The state of Israel is once again carrying out collective punishment on the Gaza Strip, through aerial bombardment and now a land invasion. After weeks of constant bombardment, Israel has killed more than 10,500 Palestinians, including more than 4,000 children, and displaced hundreds of thousands. In addition to this barrage of war crimes, Israel has cut off electricity, water, and gas to the open-air prison that is the Gaza Strip. This massacre is mostly ignored by the imperialist powers and the bourgeois international media, which hypocritically show humanitarian concern in condemning Hamas’s violence. This does not, however, make it any less necessary for the revolutionary Left to discuss and criticize the program, strategy, and methods of Hamas.
In a recent article in Prensa Obrera (PO), Pablo Heller criticizes the PTS for stating that we share neither the methods, program, nor strategy of Hamas.1Translator’s note: The PTS is the Party of Socialist Workers, the sister organization of Left Voice in Argentina. The PO is the Workers Party, which also forms part of the Workers Left Front — Unity (FIT-U). Prensa Obrera is the PO’s newspaper. According to Heller,
It is not enough to condemn Israel as responsible for the bloodbath. Nor is it enough to declare support for the Palestinian cause while adding “buts” to the defense of while Hamas’s action, which is rejected in practice by trying to hide behind irreconcilable differences.
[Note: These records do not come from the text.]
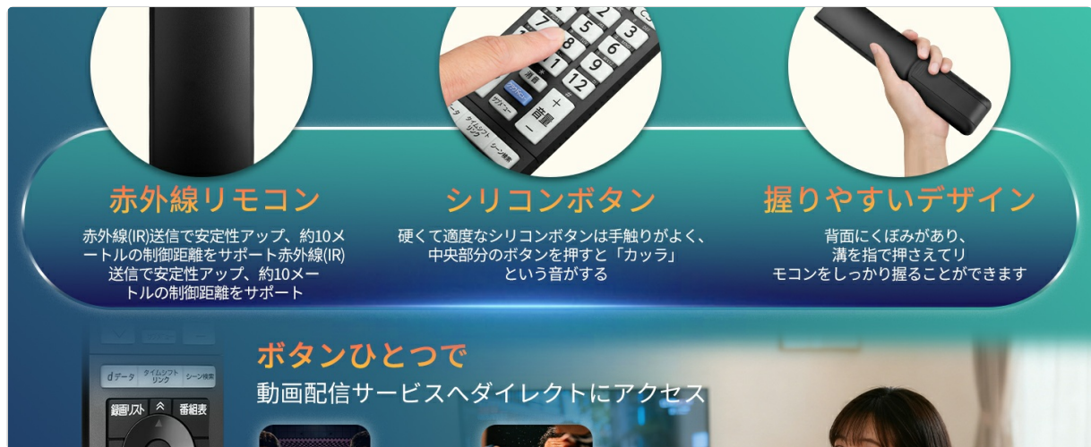
Image: Key features of the OMAIC remote control, highlighting infrared operation, comfortable silicone buttons, and an ergonomic design for easy grip.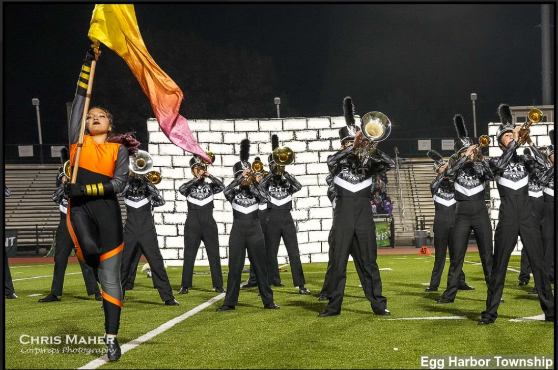
CHRIS MAHER Corpus Photography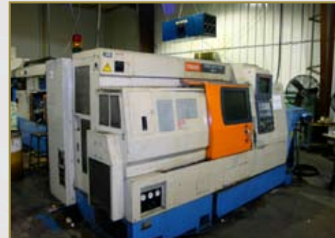
1996 MAZAK SUPER QT 15 MY II LATHE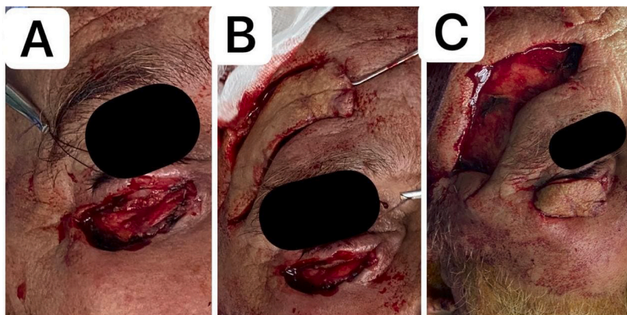
Fig. 2. The steps of reconstruction of the loss of substance.

These tumors are clinically manifested by a firm nodular lesion without pain associated with loss or distortion of the cilia in middle-aged patients [10]. It may resemble basal cell carcinoma, palpebral sebaceous carcinoma or even a Chalazion-like lesion [6,11,12]. The majority of the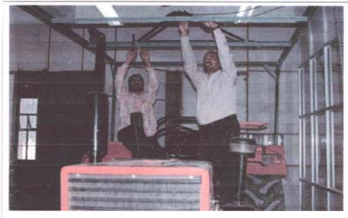
Figure 4. Setting up triangle detector array of freepoint-3D digitizer measurement set-up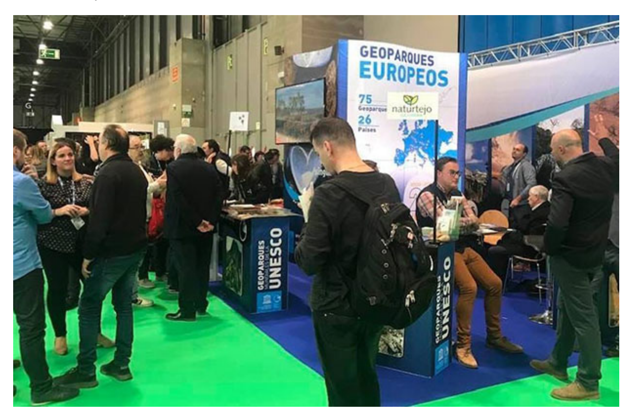
The Geopark stand was very busy during all the days of FITUR

The Geopark Stand was located at the Pavilion 4 – EUROPE, emphasizing the role of the UNESCO Global Geoparks as sustainable tourism destinations in 25 European Countries.

To top it off, he adds that PTS’s appeals to class independence is a “proclamation of abstention in the class struggle and in international wars.” It is unclear which “Left” Heller is referring to in the article’s title, but it is certainly not a Trotskyist Left.
Of Abstentions and Inconsistencies
In the Argentinian presidential debate, before an audience of millions, Myriam Bregman defended the right of the Palestinian people to confront colonial oppression and the apartheid regime imposed by Israel. Since then, she has been at the center of the mainstream media’s attacks on the leaders of the FIT-U, followed by all kinds of threats, many of them coming from the same right-wing sectors that defend Argentina’s genocidal dictatorship. Later, Nicolás Del Caño did the same in his speech at the Argentinian National Congress.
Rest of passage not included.